Step 3: Create Your First Sandbox

Create a test project:

mkdir my-project
cd my-project
echo "print('Hello from AgentFense')" > hello.py
echo "SECRET_KEY=my-secret" > .env

Run your first sandbox (one-liner):

from agentfense import Sandbox

# One line: create sandbox with "agent-safe" preset
with Sandbox.from_local("./my-project") as sandbox:
    result = sandbox.run("python hello.py")
    print(result.stdout)  # Output: Hello from AgentFense

What just happened?

  1. Sandbox.from_local() uploaded files to server
  2. Created sandbox with agent-safe preset (hides .env, allows read all, write to /output and /tmp)
  3. Started the sandbox
  4. Executed python hello.py inside isolated environment
  5. Automatically cleaned up on exit

Step 4: Test Permission Control

Try to access the hidden secret file:

from agentfense import Sandbox

with Sandbox.from_local("./my-project") as sandbox:
    # This works - hello.py is readable
    result = sandbox.run("cat /workspace/hello.py")
    print(result.stdout)  # Output: print('Hello from AgentFense')

    # This fails - .env is hidden (permission: none)
    result = sandbox.run("cat /workspace/.env")
    print(result.exit_code)  # Output: 1 (file not found)
    print(result.stderr)     # Output: cat: /workspace/.env: No such file or directory

    # Even ls cannot see it
    result = sandbox.run("ls -la /workspace/")
    print(result.stdout)  # Output: hello.py (no .env listed)

Key insight: The .env file is invisible at the filesystem level. The agent cannot access it even if it tries—no additional logic needed.
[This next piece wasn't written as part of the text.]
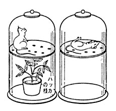| 次に炭酸同化作用と光のかかわりは、どのようにして明らかにされたのであろうか。ここで、先に登場したインヘンフースが再登場することになる。 1779年に彼は『植物に関する実験、日光の下で普通空気を浄化し、暗所や夜間では毒する植物の偉大な力の発見』という論文を公にしている。この表題にある普通空気(Common Air)という言葉は、いわゆる空気を指しており、当時、わざわざこうした断りがなされたのは、いろいろな新しい気体が発見され始めており、これらにもAir という言葉がつけられていたためである。
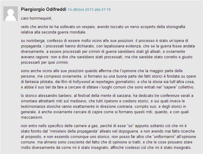“non entro nello specifico delle camere a gas, perché di esse “so” appunto soltanto ciò che mi è stato fornito dal “ministero della propaganda” alleato nel dopoguerra. e non avendo mai fatto ricerche al proposito, e non essendo comunque uno storico, non posso far altro che “uniformarmi” all’opinione comune. ma almeno sono cosciente del fatto che di opinione si tratti, e che le cose possano stare molto diversamente da come mi è stato insegnato, affinché credessi ciò che mi è stato insegnato.”

Step 5: Custom Permissions

Define your own permission rules:

from agentfense import Sandbox

# Custom permissions
PERMISSIONS = [
    {"pattern": "**/*", "permission": "read"},         # Default: read-only
    {"pattern": "/output/**", "permission": "write"},  # Allow writes to /output
    {"pattern": "**/.env*", "permission": "none"},     # Hide all .env files
    {"pattern": "/docs/**", "permission": "view"},     # Can list but not read
]

with Sandbox.from_local("./my-project", permissions=PERMISSIONS) as sandbox:
    # Read any file
    result = sandbox.run("cat hello.py")

    # Write to /output
    result = sandbox.run("echo 'result' > /workspace/output/result.txt")
    assert result.exit_code == 0

    # Cannot write elsewhere
    result = sandbox.run("echo 'test' > /workspace/data.txt")
    assert result.exit_code != 0  # Permission denied

Step 6: Use Sessions (Persistent Shell)

For multi-step workflows, use sessions to preserve working directory and environment:

from agentfense import Sandbox

with Sandbox.from_local("./my-project") as sandbox:
    # Create a persistent session
    with sandbox.session() as session:
        session.exec("cd /workspace")
        session.exec("export DEBUG=1")
        session.exec("source venv/bin/activate")  # If venv exists

        # All previous state is preserved
        result = session.exec("python hello.py")
        print(result.stdout)

Step 7: Docker Runtime + Resource Limits

For stronger isolation and resource control:

from agentfense import Sandbox, RuntimeType, ResourceLimits

with Sandbox.from_local(
    "./my-project",
    runtime=RuntimeType.DOCKER,
    image="python:3.11-slim",
    resources=ResourceLimits(
        memory_bytes=512 * 1024 * 1024,  # 512 MB
        pids_limit=100,                  # Max 100 processes
    ),
) as sandbox:
    result = sandbox.run("python hello.py")
    print(result.stdout)

Complete Example: AI Agent with Permission Control

Build a secure AI agent that executes bash commands:

from anthropic import Anthropic
from agentfense import Sandbox
import re

client = Anthropic()

PERMISSIONS = [
    {"pattern": "**/*", "permission": "read"},
    {"pattern": "/output/**", "permission": "write"},
    {"pattern": "**/.env*", "permission": "none"},
]

def extract_bash_commands(text: str) -> list:
    """Extract commands from ```bash``` blocks"""
    return re.findall(r'```bash\n(.*?)```', text, re.DOTALL)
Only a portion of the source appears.